- - Tuesday, March 25, 2014

By Howard Blum
HarperCollins, $27.99, 475 pages

As a career diplomat, Count Johann von Bernstorff was not surprised in July 1914 when he was summoned from his ambassadorial post in Washington back to Berlin for “consultations.” Two weeks earlier, he had been dining at the Metropolitan Club when word arrived of the murder of Archduke Franz Ferdinand, the Austrian heir-apparent, and his wife in Sarajevo. However, von Bernstorff was confident that an intricate mesh of alliances between the European powers would prevent war.

Thus, von Bernstorff was stunned when, upon arrival in Berlin, he was directed to Maj. Walter Nicolai, the spymaster heading the “political section” of Abteilung IIIB, the kaiser’s secret service.

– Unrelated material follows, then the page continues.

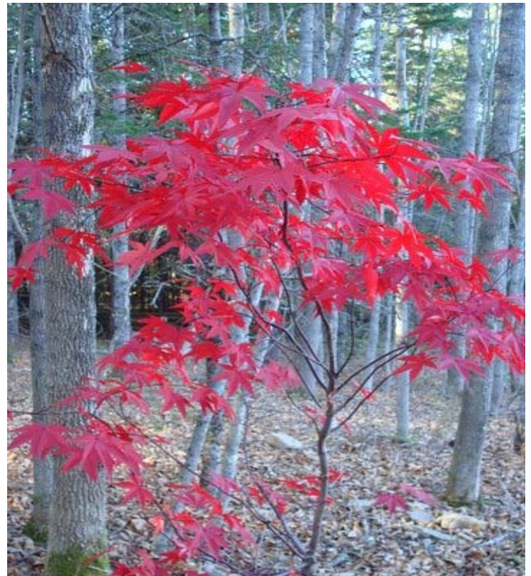
Japanese maple Memorial Garden

The ornamental grasses in the perennial planting below the Entrance Garden are looking great at this time of year. The Japanese maples, to be found in several places, are showing strong colours. Fall colours are also developing in the native trees to add to the ever changing scenery in the Fredericton Botanic Garden.

The name was misleading: The section had nothing to do with politics. Its agenda was spying, as von Bernstorff soon learned from Nicolai.

War was sure to come, Nicolai stated, and he expected a swift Germany victory. However, it was imperative that America not be permitted to send munitions and food to England and France. Such shipments could be stopped only by two means: submarines and sabotage. Given the Royal Navy’s domination of the seas, sabotage was the solution, and he tasked von Bernstorff with “using any means necessary” to carry out the mission.

Such is the backdrop for Howard Blum’s engrossing examination of German intelligence efforts in the “neutral” United States long before Washington decided — very reluctantly — to enter the war on the side of the Allies in 1917. As Mr. Blum writes, von Bernstorff felt tarnished by his spy assignment. To be sure, as a diplomat he was no stranger to deceit (he even had a very discreet mistress). Spying on his many American friends was repugnant, but he was also loyal to his homeland. When he sailed back to the United States, he carried a black briefcase containing $150 million in German treasury notes. (Or so Mr. Blum writes. Perhaps I am overly skeptical, but I question whether that amount could be crammed into a single briefcase. Unfortunately, Mr. Blum’s chapter notes are so cursory, here and elsewhere, that a specific source cannot be identified.)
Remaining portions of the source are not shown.